В смоленском Кислове, небольшой и уютной усадьбе, еще не был достроен наш дом, и мы временно поселились в сельской школе. Помню приютившего нас учителя-старичка, его подстриженную клинышком бородку, рассыпанные по полу складные картонные буквы, исписанную мелом черную школьную доску.

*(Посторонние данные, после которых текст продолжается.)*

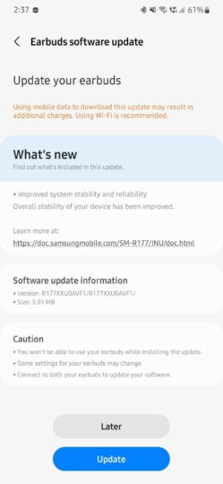 This Galaxy Buds 2 update has been released worldwide, so everyone who owns these wireless earbuds can install the update right away. To install the update, head over to the Galaxy Wearable app and navigate to Earbuds settings » Earbuds software update and then tap on Update.

Учитель с седой бородой, рассыпанные буквы, черная школьная доска, особенный школьный запах — было мое первое впечатление от Кислова. Дом, где нам предстояло жить, еще не был выделан, в нем вместо пола лежали кучи сосновых стружек и щеп, по бревенчатым стенам лазили плотники в посконных серых рубахах. Невысокий курчавый, со стружками в черных густых волосах, похожий на цыгана артельщик Петр, свесивши ноги, сидел на бревне и, встряхивая волосами, ходко рубил угол. Белые щепки взлетали фонтаном, падали на землю. Завидевши нас, Петр втыкал топор, приветливо здоровался и, сидя в расстегнутой на волосатой груди, пропотевшей в подмышках рубахе, доставал из кармана сшитый из ситцевых лоскутков кисет. Я смотрел на него, на его лицо с черной, цыганской бородою, на его мозолистые руки, ловко высекавшие из кремня огонь, и опять — он, его руки, смолистые стены недостроенного дома, простор окружавших нас полей и синее летнее небо с пушистыми облаками сливались в ощущение близкого, просторного, меня наполнявшего мира.